Sitting here, waiting on my pants to dry so I can go to work, I had some thoughts about my life and my writing. I figured I would write them down here to save them.
If you have read this blog, you know that I have experienced some life altering events in the past few weeks. Events that have caused me to have to sit back and rethink my current state of mind. Before I go further on this, I want you to know that this is NOT going to be a rant post. In fact, it is going to be a positive post as will ALL of my posts from now on.
First and foremost, I have come to the conclusion that no matter what happens in my life, I have to keep pushing forward. Pushing forward with my life, with my career, with my writing. Especially with my writing. I have sat down to write while this was going on, and couldn't put one word on paper. The emotions and the feelings that were racing through my mind were blocking the very creativity that I needed to write...in fact, to live. I can't let this happen anymore.
I started writing some things a few days ago and actually got a few pages down. They were so dark and so violent that my wife said it scared her to know that those thoughts were in my head. Not the thoughts of ME doing any of this, but my character in that short piece. I tried to tell her that is was a story and it wasn't real, but she said she couldn't believe that I would have thought up what was on the paper. I got out a lot of emotions in that story and now I feel better about myself and my writing.
Another realization that I came to over the past few days is that God will not put anymore on me than I can handle. God said that, I believe that, and that settles that. Even though my chest felt like it was going to burst wide open, and I wanted to just crawl in a hole somewhere and die, God was with me and he led me through. I'm still not out of the woods as far as my situation, but dagnabbit (that's a Southern word, BTW), I'm going to make it through this trying time in my life. I'm going to make it through and I am going to be bigger and stronger and MUCH better for it.
Finally, I realized that my attitude was half of the battle. Moping around and letting this get the best of me...thinking I was a failure at life was getting me absolutely NOWHERE. I woke up and realized that a positive mental attitude is the best thing in this world. I can do anything I want to do. All I need is a positive mental attitude. I am sure to fail if I DON'T have it, so why not go with it?
That is what I am going to do from this moment on.

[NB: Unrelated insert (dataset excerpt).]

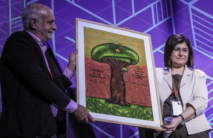 A entrega dos Prêmios El Maestro e Dignidade às redes de televisão Telesur e ao Al Mayadeen, respectivamente, duas grandes plataformas que, em seus esforços para dar voz aos desprotegidos, seguiram o caminho da verdade e da justiça, distinguiu, em 20 e março, o dia de encerramento do 3º Colóquio Internacional Pátria.

I'm not going to complain, or whine, or moan if something bad happens anymore. I will give my problems to God and let him handle them and lead me in the direction that he wants me to go.
I WILL write...EVERY DAY! I WILL get better at this. I WILL do the things necessary to fulfill my dream of writing a novel. I will push on through to the end to get it done. I WILL sit and write, even if it is just gibberish. Even if it is writing the Preamble to the Constitution in my own words. I will write SOMETHING! I WILL create.
Pressing forward. That is the rule of the day. Not looking back and wondering "what if", but looking FORWARD and wondering "what if".